The steps in this investigation were as follows:

  1. (1)

    We selected ten popular discipline-specific education apps (5 science and 5 mathematics) suitable for school students, as described in Table 1. The apps were chosen based on popularity in various forums and blogs.

    Table 1. Selected apps for investigation (based on popularity in various forums and blogs)
  2. (2)

    We used a commercial sentiment analysis tool, Appbot (https://appbot.co/), that extracts user reviews and ratings from the app stores and provides full utility of qualitative and quantitative analysis. Other similar sentiment analysis tools could provide the same functionality but we chose Appbot because it provides functions to search within reviews for specific words (i.e. feature extraction) and also allows filtering out relevant reviews that match particular concepts or words.

  3. (3)

    We developed a word bank based on words in the literature associated with the three main constructs of the iPAC framework. Figure 2 shows sample words from these word banks.

    Fig. 2.
    figure 2

    Word clouds relating to the three constructs of the iPAC framework [13]

  4. (4)

    After using the word bank for feature extraction on all of the ten selected apps, we used Appbot to analyse the extracted reviews for the polarity of the sentiments. Data was collected covering reviews from the period of one year i.e. from January 2016 to January 2017 to limit the scope of our investigation.

4 Results

Table 2 shows the total number of reviews, the percentage of positive sentiments, average of star ratings and the scores. These scores ranged from D− to A+ and are calculated based on the trends in the review sentiments, review volume, and star ratings as expressed by the app users.

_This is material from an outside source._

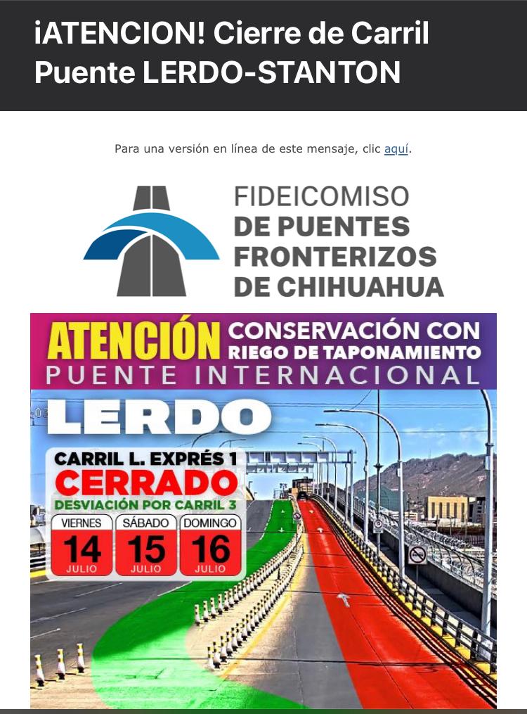Dentro de los trabajos de mantenimiento de puentes internacionales, el Fideicomiso de Puentes Fronterizos de Chihuahua (FPFCH), a través del Área de Proyectos, informó que los días 14, 15 y 16 de julio estará cerrado el carril 1 de la Línea Exprés del Puedo Lerdo-Stanton, para reabrirse a la circulación el próximo lunes 17 de julio.

Table 2. Results from sentiment analysis of selected maths and science apps

In the domain of mathematics, MalMath and Myscript Calculator are on top of the list, whereas for science, Little Alchemy and NASA has received highest number of reviews. MalMath and Little Alchemy has received a significant number of reviews from the users and above 90% of these reviews contained positive sentiments. Next, we extracted the data based on the aforementioned word bank. Table 3 shows results for the number of reviews that matched the iPAC word bank. Table 4 shows the breakdown of the sentiments for the extracted reviews for the apps.

Table 3. Feature based sentiment analysis
Table 4. Breakdown of feature based sentiment analysis (P = positive, Nt = Neutral, Ng = Negative)

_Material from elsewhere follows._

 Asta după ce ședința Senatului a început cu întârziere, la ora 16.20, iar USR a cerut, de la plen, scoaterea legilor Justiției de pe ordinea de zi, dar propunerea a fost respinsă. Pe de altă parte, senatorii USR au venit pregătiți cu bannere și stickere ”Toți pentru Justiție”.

Overall, a nuanced picture of pedagogical affordances emerges for these ten sample apps. MalMath produced considerably more positive sentiments in Personalisation and Authenticity, however there weren’t many reviews about the app relating to Collaboration. Myscript Calculator has generated positive sentiments for the Personalisation and Authenticity constructs, but have received only negative reviews for Collaboration. In the case of Little Alchemy, it generated significantly positive reviews for app features relating to Personalisation and some positive reviews in Collaboration, however received low volume of reviews with mixed sentiments in Authenticity. NASA received positive sentiments for Personalisation but not so favourable sentiments in Collaboration and Authenticity (Fig. 3).

Fig. 3.
figure 3

Feature based sentiment analysis results. This provides the graphical representation of the feature based sentiment analysis results.

5 Discussion

The results provide evidence of what mobile pedagogical features of apps that users are choosing to comment on in their reviews, without any prompting from rubric or other more formal evaluation instruments. There was a trend in our results showing higher frequencies of positive sentiments relating to the Personalisation aspect of the selected apps. Past work has revealed that of the three iPAC constructs, Personalisation is the least exploited by teachers in their mobile learning task designs [29], with teachers evidently struggling to give opportunities for learners to control their learning (e.g. the pace of lessons and how m-learning tasks are undertaken). So, in some ways the result from the present study is surprising. However, assuming that our results comprised comments mostly from students and teachers, and given that our study only used recent app reviews (1 year), perhaps the ‘struggle’ discussed in [29] is the very reason that users ‘noticed’ these pedagogical affordances (relating to personalisation) i.e. app reviewers were mindful of their previous mobile learning experiences that quite likely lacked a sense of learner control. This claim is entirely speculative and future research will need to triangulate these findings. This triangulation can be performed in two ways: (1) with interviews and surveys of app users, (2) qualitative analysis of the text of the reviews and feedback from app stores and social media (e.g. Facebook or Twitter).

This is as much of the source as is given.